Search the records for the word "July". Copy every line where it appears.

Stored data entries:
*** Block opens ***

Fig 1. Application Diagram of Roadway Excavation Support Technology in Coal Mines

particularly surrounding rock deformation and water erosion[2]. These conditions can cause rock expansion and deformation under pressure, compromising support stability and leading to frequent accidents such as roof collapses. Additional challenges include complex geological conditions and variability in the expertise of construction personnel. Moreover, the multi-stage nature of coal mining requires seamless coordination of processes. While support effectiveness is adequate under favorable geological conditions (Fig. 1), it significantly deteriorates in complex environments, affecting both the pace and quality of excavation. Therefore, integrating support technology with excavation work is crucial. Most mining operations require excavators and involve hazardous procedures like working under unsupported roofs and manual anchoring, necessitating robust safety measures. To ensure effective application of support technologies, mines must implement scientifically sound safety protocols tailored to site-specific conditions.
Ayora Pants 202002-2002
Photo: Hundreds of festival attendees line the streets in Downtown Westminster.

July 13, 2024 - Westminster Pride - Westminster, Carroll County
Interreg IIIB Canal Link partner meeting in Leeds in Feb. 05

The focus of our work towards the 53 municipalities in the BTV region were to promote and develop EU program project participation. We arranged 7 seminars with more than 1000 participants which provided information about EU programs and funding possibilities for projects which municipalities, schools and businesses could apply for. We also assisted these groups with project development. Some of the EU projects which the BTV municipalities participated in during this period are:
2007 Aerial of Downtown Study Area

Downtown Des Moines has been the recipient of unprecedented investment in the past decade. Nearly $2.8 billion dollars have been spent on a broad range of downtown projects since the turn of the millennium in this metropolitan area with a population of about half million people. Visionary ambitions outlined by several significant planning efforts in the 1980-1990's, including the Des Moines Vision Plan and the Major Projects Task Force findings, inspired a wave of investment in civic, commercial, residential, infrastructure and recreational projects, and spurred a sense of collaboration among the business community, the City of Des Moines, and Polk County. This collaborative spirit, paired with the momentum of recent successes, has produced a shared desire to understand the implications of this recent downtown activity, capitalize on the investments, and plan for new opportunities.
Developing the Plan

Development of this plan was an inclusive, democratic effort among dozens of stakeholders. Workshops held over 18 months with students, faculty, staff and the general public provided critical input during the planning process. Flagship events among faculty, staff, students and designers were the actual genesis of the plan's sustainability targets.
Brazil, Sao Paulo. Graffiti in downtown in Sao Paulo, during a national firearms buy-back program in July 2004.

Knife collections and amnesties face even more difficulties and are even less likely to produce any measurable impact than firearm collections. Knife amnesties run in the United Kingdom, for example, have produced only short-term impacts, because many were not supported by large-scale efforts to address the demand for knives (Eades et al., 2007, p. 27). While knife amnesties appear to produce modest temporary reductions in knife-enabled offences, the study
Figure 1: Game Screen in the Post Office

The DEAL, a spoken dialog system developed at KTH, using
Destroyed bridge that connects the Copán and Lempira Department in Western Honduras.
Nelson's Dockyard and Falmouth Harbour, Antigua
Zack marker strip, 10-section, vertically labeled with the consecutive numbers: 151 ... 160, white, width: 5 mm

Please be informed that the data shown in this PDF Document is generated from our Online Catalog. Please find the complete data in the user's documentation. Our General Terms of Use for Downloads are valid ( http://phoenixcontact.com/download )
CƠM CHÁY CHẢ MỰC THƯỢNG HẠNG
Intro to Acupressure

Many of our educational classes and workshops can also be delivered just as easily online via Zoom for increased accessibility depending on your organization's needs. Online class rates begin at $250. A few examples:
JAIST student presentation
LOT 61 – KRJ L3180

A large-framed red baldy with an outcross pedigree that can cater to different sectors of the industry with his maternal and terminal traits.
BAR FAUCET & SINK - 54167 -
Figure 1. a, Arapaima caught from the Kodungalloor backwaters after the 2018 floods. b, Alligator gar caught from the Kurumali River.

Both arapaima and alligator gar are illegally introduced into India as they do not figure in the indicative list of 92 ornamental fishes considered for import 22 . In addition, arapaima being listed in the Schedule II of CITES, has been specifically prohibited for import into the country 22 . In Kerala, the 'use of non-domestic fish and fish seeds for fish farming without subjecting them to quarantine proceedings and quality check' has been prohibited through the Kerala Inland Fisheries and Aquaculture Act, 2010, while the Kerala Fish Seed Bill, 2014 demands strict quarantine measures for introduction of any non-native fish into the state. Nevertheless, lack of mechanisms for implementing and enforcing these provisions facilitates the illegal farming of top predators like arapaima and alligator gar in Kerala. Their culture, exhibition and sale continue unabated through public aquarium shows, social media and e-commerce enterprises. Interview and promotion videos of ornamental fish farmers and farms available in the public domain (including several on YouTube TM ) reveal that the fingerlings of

*** Block closes ***

- **Solution for this problem**
July 13, 2024 - Westminster Pride - Westminster, Carroll County
Brazil, Sao Paulo. Graffiti in downtown in Sao Paulo, during a national firearms buy-back program in July 2004.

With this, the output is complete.